OFFICE OF MANAGEMENT AND BUDGET

WASHINGTON, D.C. 20503

January 12, 2015

(House Rules)

STATEMENT OF ADMINISTRATION POLICY

H.R. 185 – Regulatory Accountability Act of 2015

(Rep. Goodlatte, R-VA, and nine cosponsors)

 

The Administration is committed to ensuring that regulations are smart and effective, that they are tailored to advance statutory goals in the most cost-effective and efficient manner, and that they minimize uncertainty.  Accordingly, the Administration strongly opposes House passage of H.R. 185, the Regulatory Accountability Act of 2015.  The Regulatory Accountability Act would impose unprecedented and unnecessary procedural requirements on agencies that would prevent them from efficiently performing their statutory responsibilities.  It would also create needless regulatory and legal uncertainty and further impede the implementation protections for the American public.  This bill would make the regulatory process more expensive, less flexible, and more burdensome — dramatically increasing the cost of regulation for the American taxpayer and working class families.

 

The Regulatory Accountability Act would impose unnecessary new procedures on agencies and invite frivolous litigation.  When a Federal agency promulgates a regulation, it must already adhere to the requirements of the statute that it is implementing.  In many cases, the Congress has mandated that an agency issue a particular rule or regulation, and it often prescribes the process an agency must follow.  Agencies must also adhere to the robust and well-understood procedural and analytical requirements of the Administrative Procedure Act, the Regulatory Flexibility Act, the Unfunded Mandates Reform Act, the Paperwork Reduction Act, and the Congressional Review Act.  Furthermore, agency rulemaking has long been governed by Executive Orders issued and followed by administrations of both political parties.
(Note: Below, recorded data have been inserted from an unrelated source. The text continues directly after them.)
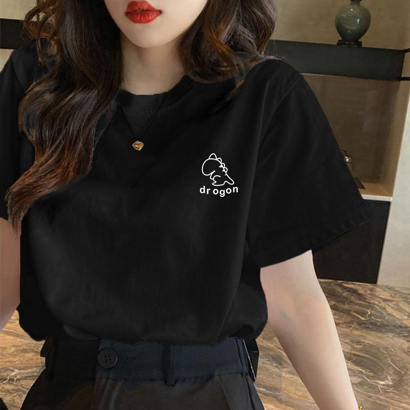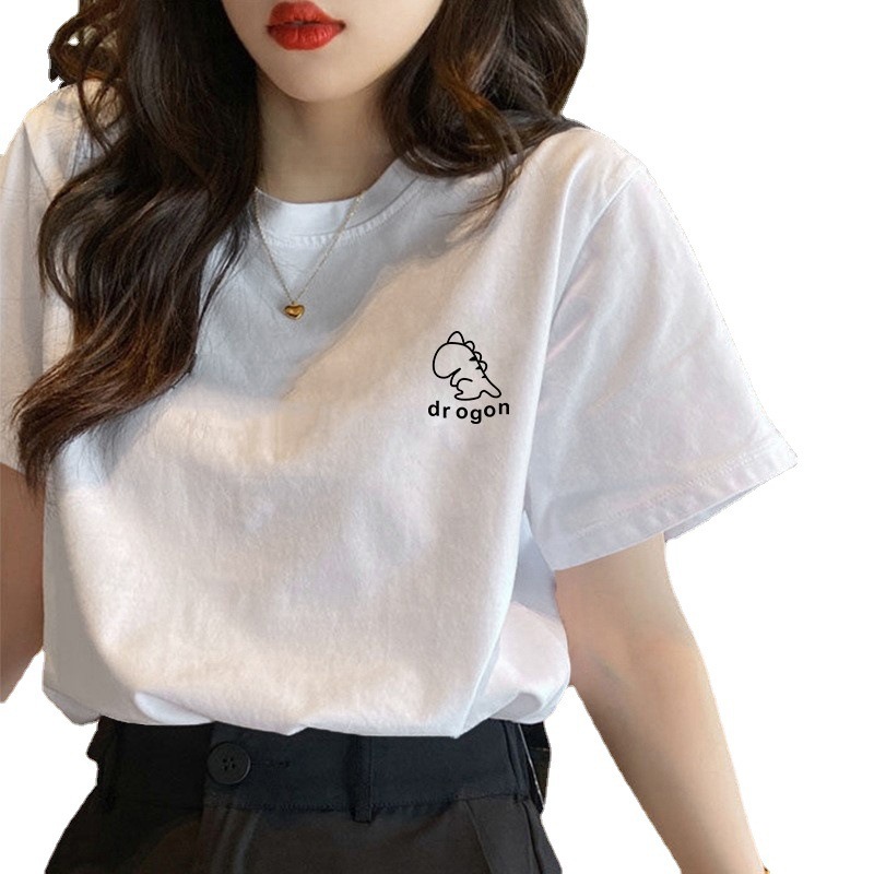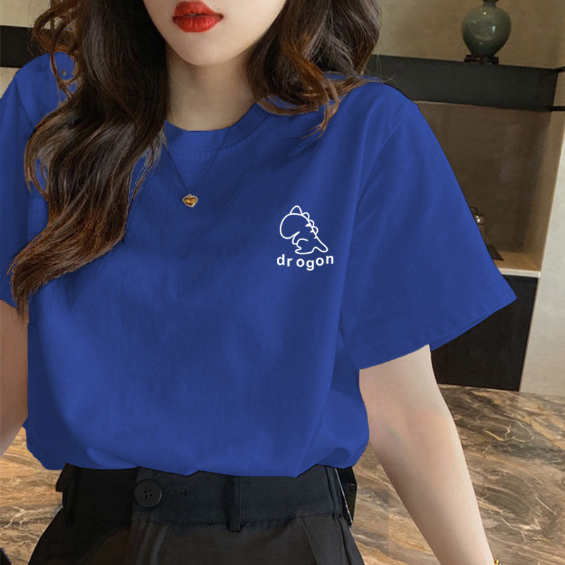 年夏季新款蓝色短袖T恤女韩版宽松休闲百搭卡通印花正肩上衣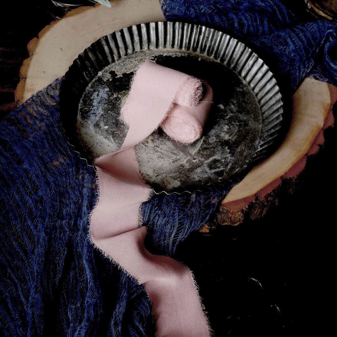 | 100% Handmade: Every step of this ribbon is processed by hand, including dyeing, tearing into ribbons, fraying and pressing. |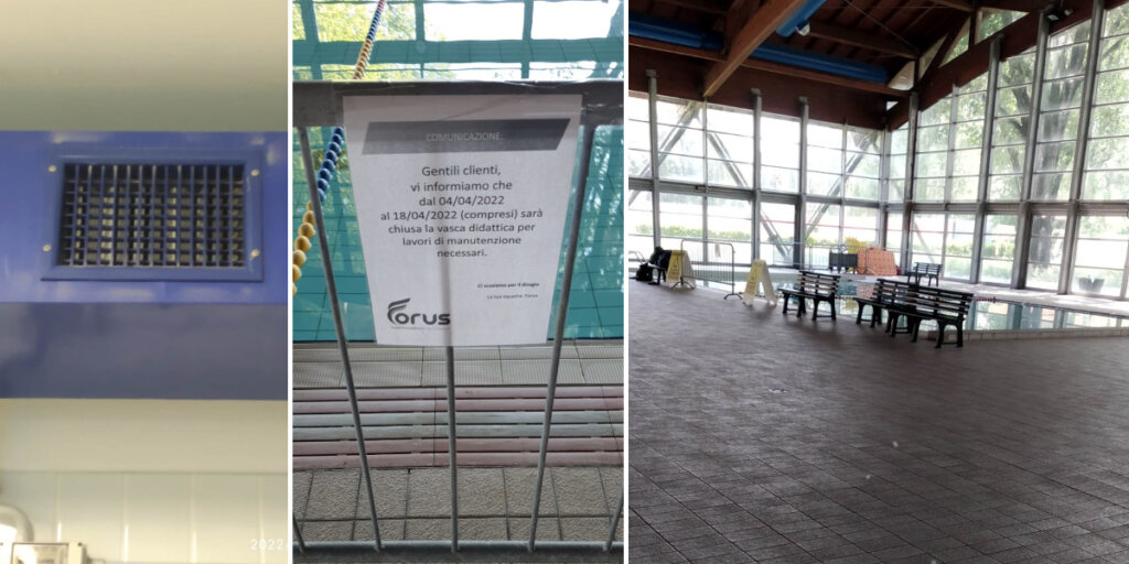 Tra l’altro, non nuova alla gestione Forus: alla piscina Manara di Busto Arsizio, ad esempio, la piscina dei bambini e la vasca da 25 metri risultano a loro volta chiuse dal 4 aprile per manutenzione. Situazione analoga al centro natatorio di Crema, anch’esso con la stessa gestione: anche qui alcune vasche sono chiuse per manutenzione da oltre un mese, come ha denunciato il consigliere comunale M5S Manuel Draghetti, ma non si sa quando saranno riaperte.

These Executive Orders require that agencies promulgate regulations only after considering regulatory alternatives, determining that the benefits of the regulations justify the costs, and establishing that the new regulations encourage regulatory flexibility.  Lastly, any final regulation is subject to judicial review to ensure that agencies satisfy the substantive and procedural requirements of all applicable statutes and consider input from the relevant stakeholders.

 

Passage of H.R. 185 would replace this established framework with layers of additional procedural requirements that would undermine the ability of agencies to execute their statutory mandates.  It would require cumbersome “formal” rulemaking for a new category of rules, for which agencies would have to conduct quasi-adjudicatory proceedings.  It would require unnecessary Advance Notices, beyond the standard notice and comment already required, for a large number of rules, and other unnecessary procedural steps that seem designed simply to impede the regulatory development process.  It would impose unnecessary new evidentiary standards as a condition of rulemaking.  It would subject the regulatory process to unneeded rounds of litigation.  And the Regulatory Accountability Act would undermine the Executive Branch’s ability to adapt regulatory review to changing circumstances.

 

In these ways and others, the Regulatory Accountability Act would impede the ability of agencies to provide the public with basic protections, and create needless confusion and delay that would prove disruptive for businesses, as well as for State, tribal, and local governments.

 

If the President were presented with the Regulatory Accountability Act, his senior advisors would recommend that he veto the bill.